━━━━━ Recorded data ━━━━━
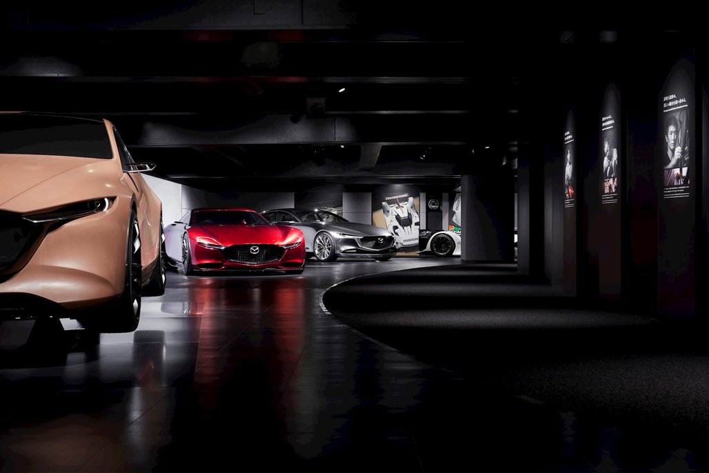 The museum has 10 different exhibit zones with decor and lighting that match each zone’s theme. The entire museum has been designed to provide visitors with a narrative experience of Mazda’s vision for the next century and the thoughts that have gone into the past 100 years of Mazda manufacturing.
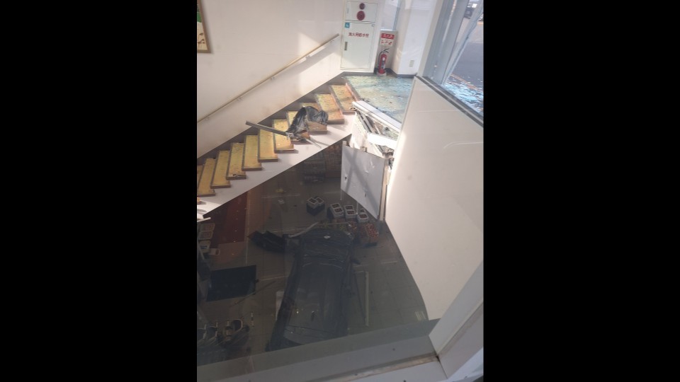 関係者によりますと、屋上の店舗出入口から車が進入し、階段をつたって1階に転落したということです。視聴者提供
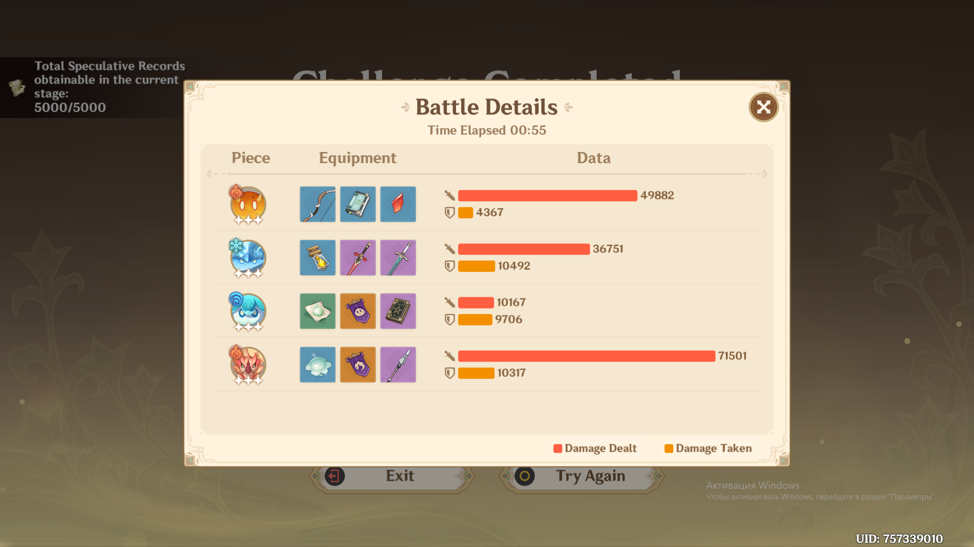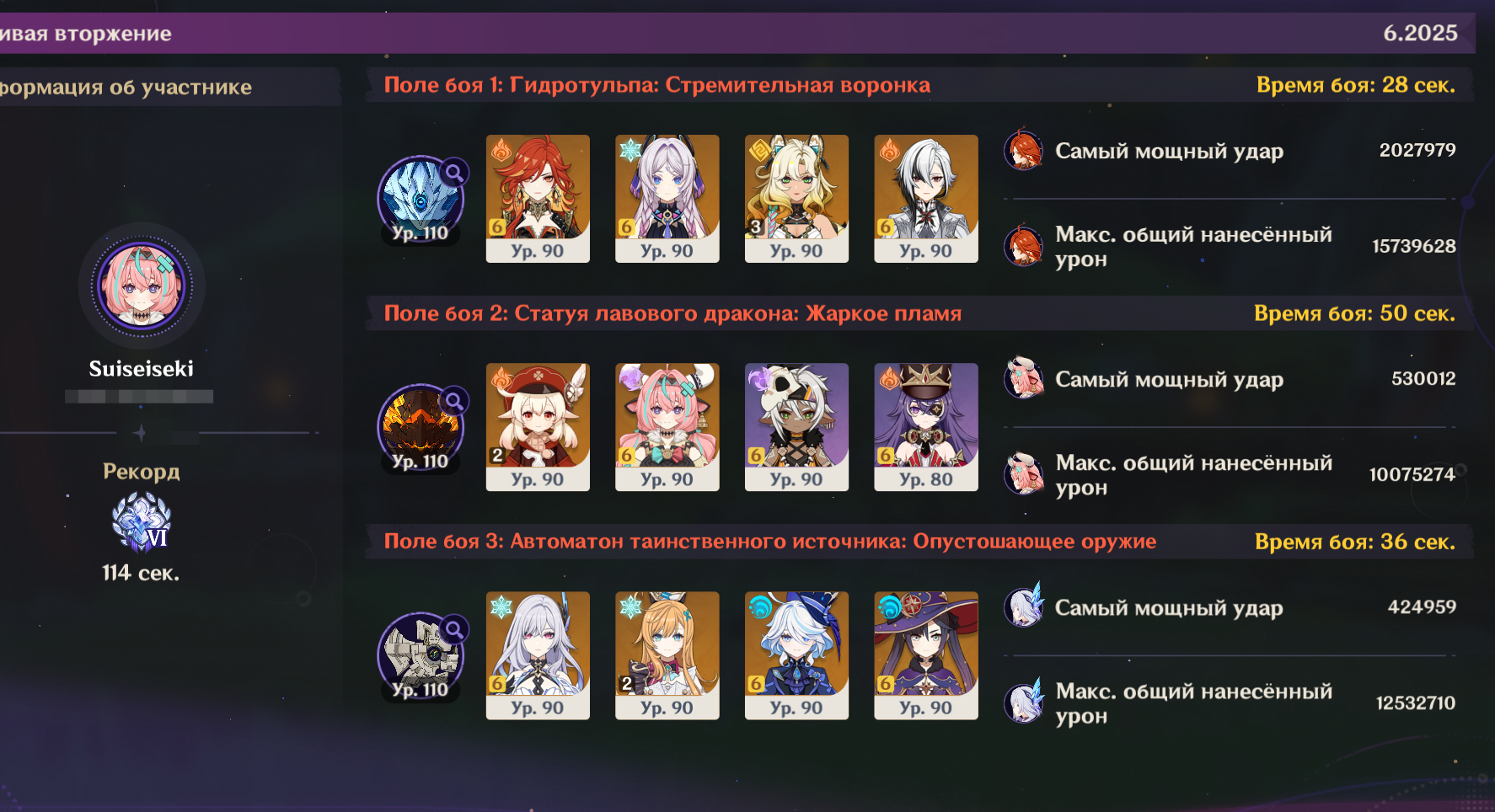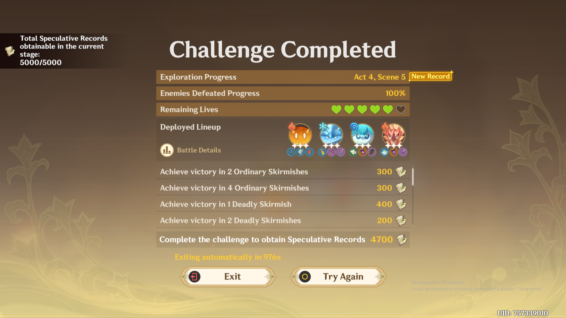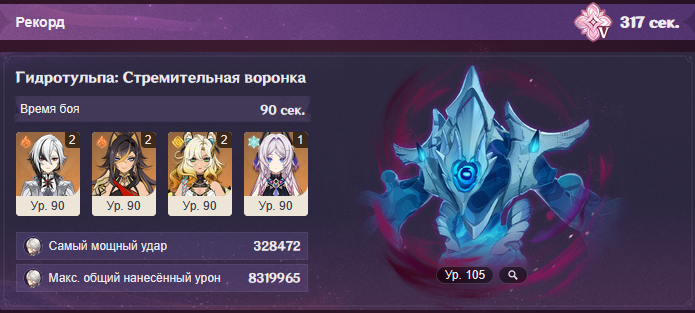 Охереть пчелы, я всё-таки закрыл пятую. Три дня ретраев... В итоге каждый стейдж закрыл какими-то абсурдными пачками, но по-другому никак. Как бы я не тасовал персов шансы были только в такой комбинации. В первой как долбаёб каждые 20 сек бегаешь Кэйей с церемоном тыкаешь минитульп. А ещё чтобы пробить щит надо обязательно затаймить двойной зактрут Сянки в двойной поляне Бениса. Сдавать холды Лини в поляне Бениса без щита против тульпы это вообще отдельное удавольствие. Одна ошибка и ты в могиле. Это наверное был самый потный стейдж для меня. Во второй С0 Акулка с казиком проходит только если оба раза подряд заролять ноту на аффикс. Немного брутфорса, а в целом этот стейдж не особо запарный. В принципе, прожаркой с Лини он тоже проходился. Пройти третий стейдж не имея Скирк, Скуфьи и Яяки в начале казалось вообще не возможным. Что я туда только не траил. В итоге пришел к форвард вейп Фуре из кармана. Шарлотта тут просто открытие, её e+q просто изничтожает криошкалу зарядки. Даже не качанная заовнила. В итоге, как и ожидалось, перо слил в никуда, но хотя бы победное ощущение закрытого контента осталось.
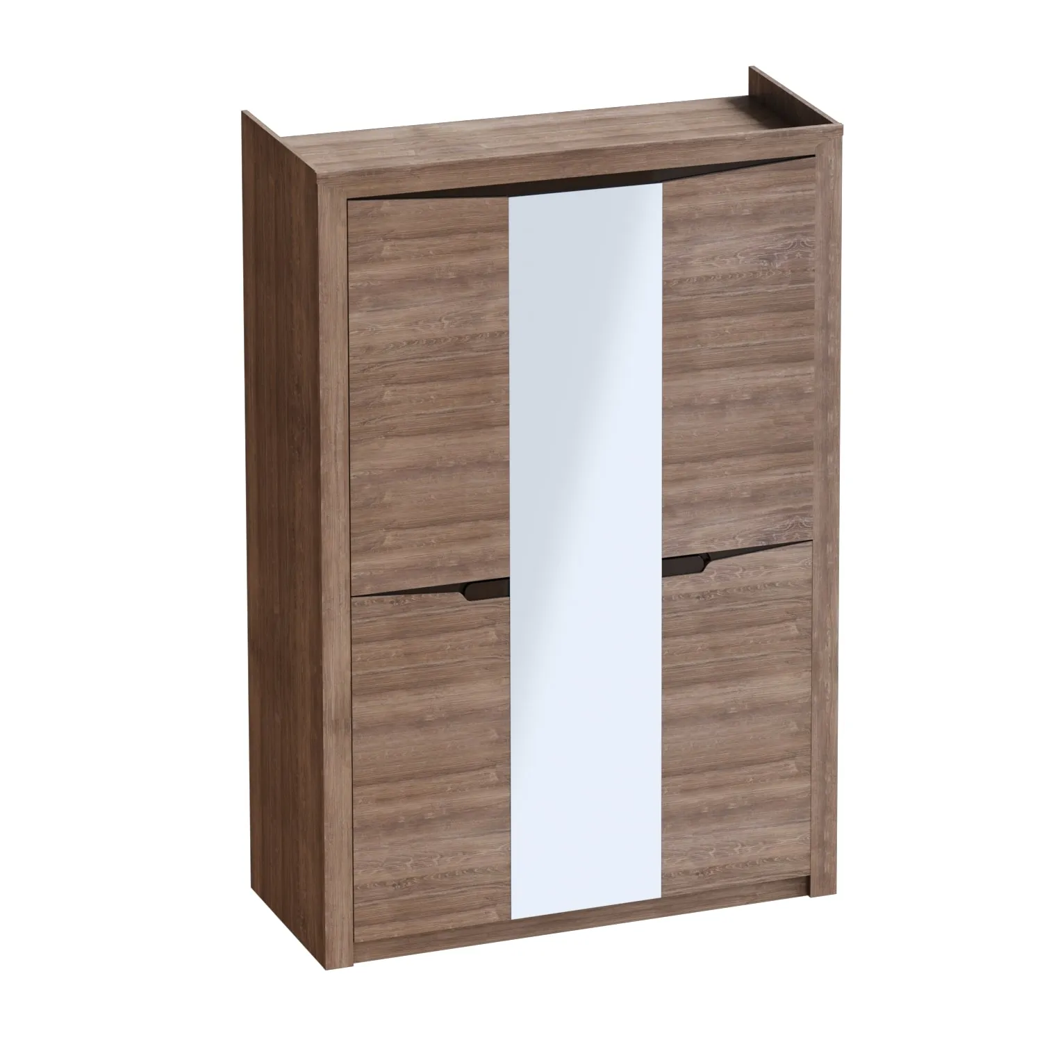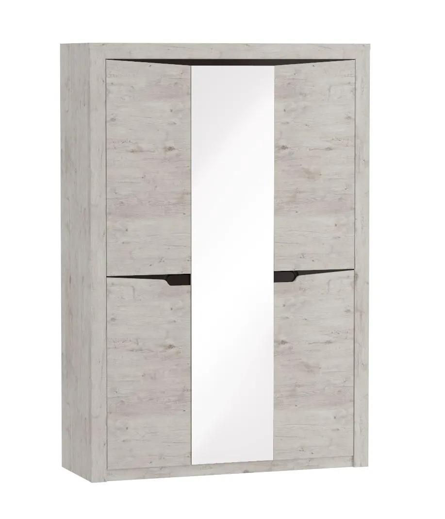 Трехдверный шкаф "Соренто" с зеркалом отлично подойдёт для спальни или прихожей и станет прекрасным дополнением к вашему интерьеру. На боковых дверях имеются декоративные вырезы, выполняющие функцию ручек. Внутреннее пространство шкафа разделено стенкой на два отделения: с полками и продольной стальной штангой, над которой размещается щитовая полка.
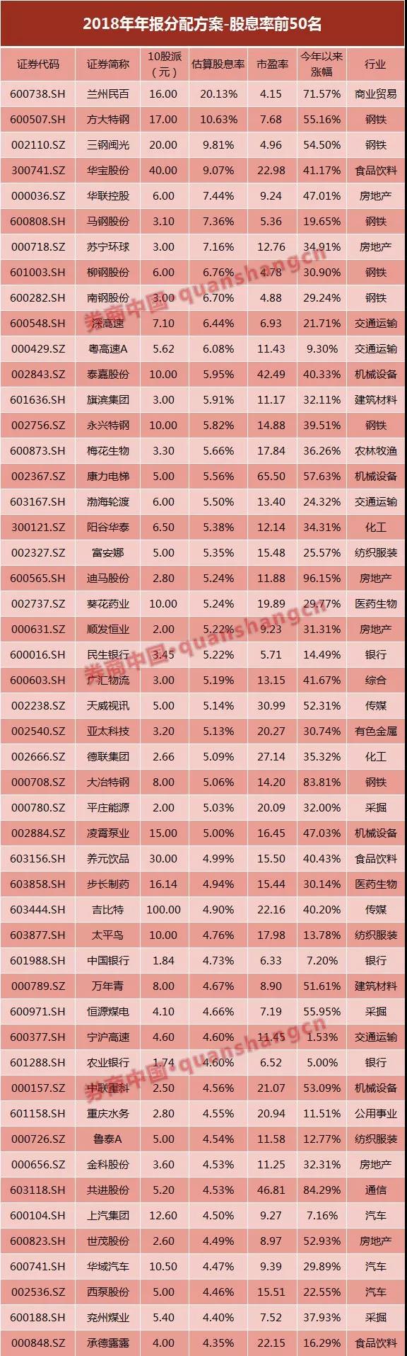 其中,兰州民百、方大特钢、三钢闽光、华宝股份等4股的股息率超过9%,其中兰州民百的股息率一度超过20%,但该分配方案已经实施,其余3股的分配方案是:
━━━━━
→ **Problem to solve**: All of the entries above should be retyped exactly, with the pictures left out.

→ **Answer to this task**:
 The museum has 10 different exhibit zones with decor and lighting that match each zone’s theme. The entire museum has been designed to provide visitors with a narrative experience of Mazda’s vision for the next century and the thoughts that have gone into the past 100 years of Mazda manufacturing.
 関係者によりますと、屋上の店舗出入口から車が進入し、階段をつたって1階に転落したということです。視聴者提供
 Охереть пчелы, я всё-таки закрыл пятую. Три дня ретраев... В итоге каждый стейдж закрыл какими-то абсурдными пачками, но по-другому никак. Как бы я не тасовал персов шансы были только в такой комбинации. В первой как долбаёб каждые 20 сек бегаешь Кэйей с церемоном тыкаешь минитульп. А ещё чтобы пробить щит надо обязательно затаймить двойной зактрут Сянки в двойной поляне Бениса. Сдавать холды Лини в поляне Бениса без щита против тульпы это вообще отдельное удавольствие. Одна ошибка и ты в могиле. Это наверное был самый потный стейдж для меня. Во второй С0 Акулка с казиком проходит только если оба раза подряд заролять ноту на аффикс. Немного брутфорса, а в целом этот стейдж не особо запарный. В принципе, прожаркой с Лини он тоже проходился. Пройти третий стейдж не имея Скирк, Скуфьи и Яяки в начале казалось вообще не возможным. Что я туда только не траил. В итоге пришел к форвард вейп Фуре из кармана. Шарлотта тут просто открытие, её e+q просто изничтожает криошкалу зарядки. Даже не качанная заовнила. В итоге, как и ожидалось, перо слил в никуда, но хотя бы победное ощущение закрытого контента осталось.
 Трехдверный шкаф "Соренто" с зеркалом отлично подойдёт для спальни или прихожей и станет прекрасным дополнением к вашему интерьеру. На боковых дверях имеются декоративные вырезы, выполняющие функцию ручек. Внутреннее пространство шкафа разделено стенкой на два отделения: с полками и продольной стальной штангой, над которой размещается щитовая полка.
 其中,兰州民百、方大特钢、三钢闽光、华宝股份等4股的股息率超过9%,其中兰州民百的股息率一度超过20%,但该分配方案已经实施,其余3股的分配方案是:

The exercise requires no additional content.